■ Assigned task:
Starting with the line containing "아닙니다 ㅎㅎ 접자재에서" and going on through the line containing "It was built", return the lines of the data below exactly, and only those.

■ Provided records:
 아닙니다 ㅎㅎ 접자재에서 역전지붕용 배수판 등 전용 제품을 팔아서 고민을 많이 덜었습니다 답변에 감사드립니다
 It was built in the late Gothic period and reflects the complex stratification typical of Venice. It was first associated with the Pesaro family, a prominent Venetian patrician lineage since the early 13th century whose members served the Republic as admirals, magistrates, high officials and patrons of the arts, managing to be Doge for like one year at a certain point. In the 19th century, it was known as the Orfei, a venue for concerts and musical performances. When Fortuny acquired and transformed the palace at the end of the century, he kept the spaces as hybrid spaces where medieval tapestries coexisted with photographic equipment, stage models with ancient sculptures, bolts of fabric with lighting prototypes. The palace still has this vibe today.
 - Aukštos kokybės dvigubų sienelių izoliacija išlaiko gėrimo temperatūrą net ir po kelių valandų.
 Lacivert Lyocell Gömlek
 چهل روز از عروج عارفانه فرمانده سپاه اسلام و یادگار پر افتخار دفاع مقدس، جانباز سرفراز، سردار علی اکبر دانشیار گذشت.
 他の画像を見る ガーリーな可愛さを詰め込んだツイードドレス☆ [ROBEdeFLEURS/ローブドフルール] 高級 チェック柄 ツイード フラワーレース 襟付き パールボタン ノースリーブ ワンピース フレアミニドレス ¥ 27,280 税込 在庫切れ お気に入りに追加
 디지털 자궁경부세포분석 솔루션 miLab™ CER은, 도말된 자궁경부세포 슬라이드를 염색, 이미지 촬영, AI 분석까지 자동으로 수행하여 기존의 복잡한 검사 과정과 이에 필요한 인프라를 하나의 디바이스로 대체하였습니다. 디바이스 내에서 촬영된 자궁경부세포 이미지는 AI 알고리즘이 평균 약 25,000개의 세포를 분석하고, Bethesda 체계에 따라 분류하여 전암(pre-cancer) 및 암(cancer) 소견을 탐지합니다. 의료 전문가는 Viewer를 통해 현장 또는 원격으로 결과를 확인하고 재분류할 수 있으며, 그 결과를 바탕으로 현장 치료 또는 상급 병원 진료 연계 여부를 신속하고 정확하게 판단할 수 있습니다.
==
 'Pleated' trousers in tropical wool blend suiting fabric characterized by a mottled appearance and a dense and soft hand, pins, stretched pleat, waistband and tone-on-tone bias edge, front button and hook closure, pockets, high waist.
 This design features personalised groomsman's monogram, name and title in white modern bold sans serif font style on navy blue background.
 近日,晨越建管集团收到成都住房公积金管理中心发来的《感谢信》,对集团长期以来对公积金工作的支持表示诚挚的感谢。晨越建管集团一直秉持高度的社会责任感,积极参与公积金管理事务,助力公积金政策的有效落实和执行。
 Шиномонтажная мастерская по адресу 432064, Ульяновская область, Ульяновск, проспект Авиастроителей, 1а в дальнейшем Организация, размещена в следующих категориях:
==
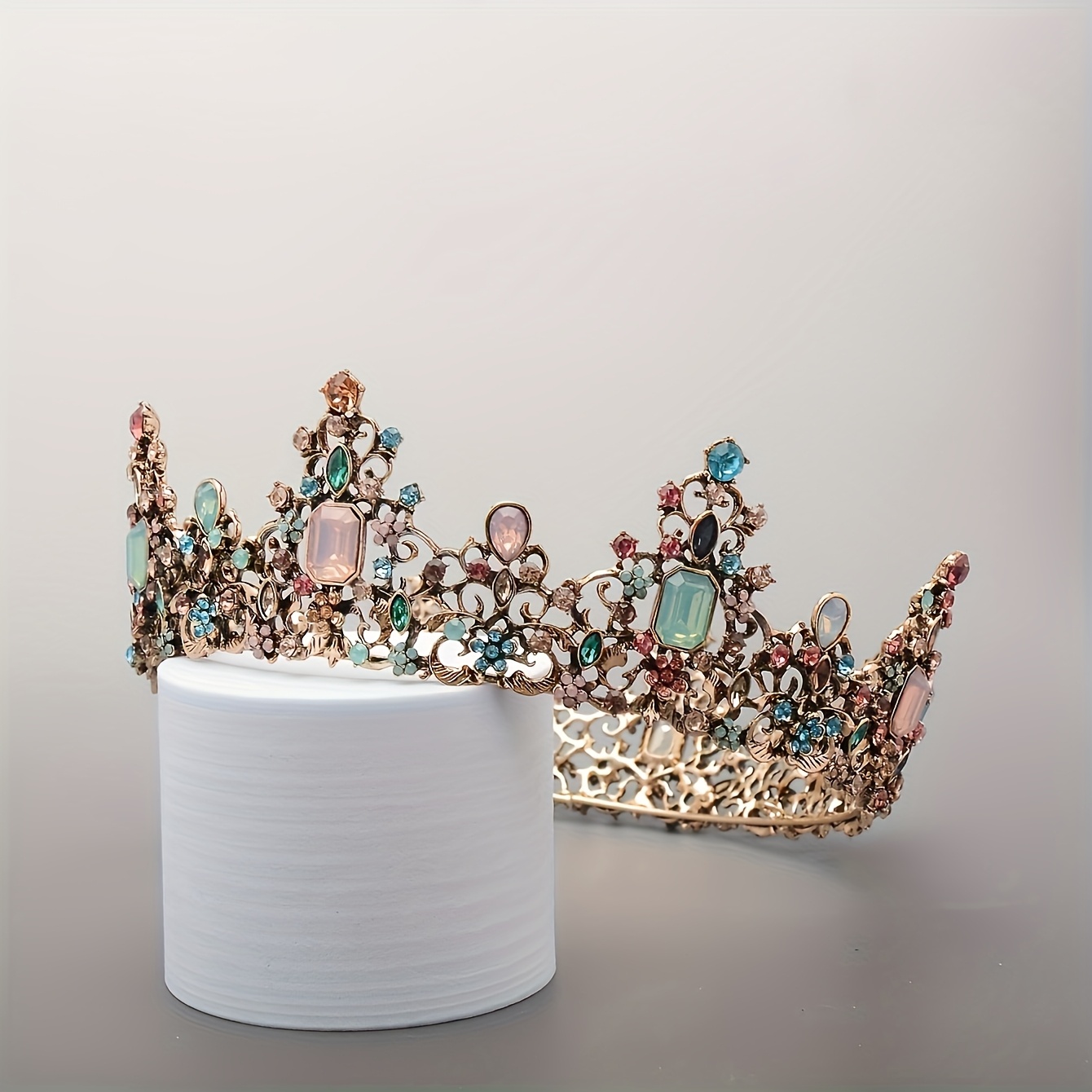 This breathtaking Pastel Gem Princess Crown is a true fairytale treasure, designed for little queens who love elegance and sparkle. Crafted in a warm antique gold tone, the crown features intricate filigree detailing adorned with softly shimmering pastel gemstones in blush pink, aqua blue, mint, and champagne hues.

■ Response to the exercise:
 아닙니다 ㅎㅎ 접자재에서 역전지붕용 배수판 등 전용 제품을 팔아서 고민을 많이 덜었습니다 답변에 감사드립니다
 It was built in the late Gothic period and reflects the complex stratification typical of Venice. It was first associated with the Pesaro family, a prominent Venetian patrician lineage since the early 13th century whose members served the Republic as admirals, magistrates, high officials and patrons of the arts, managing to be Doge for like one year at a certain point. In the 19th century, it was known as the Orfei, a venue for concerts and musical performances. When Fortuny acquired and transformed the palace at the end of the century, he kept the spaces as hybrid spaces where medieval tapestries coexisted with photographic equipment, stage models with ancient sculptures, bolts of fabric with lighting prototypes. The palace still has this vibe today.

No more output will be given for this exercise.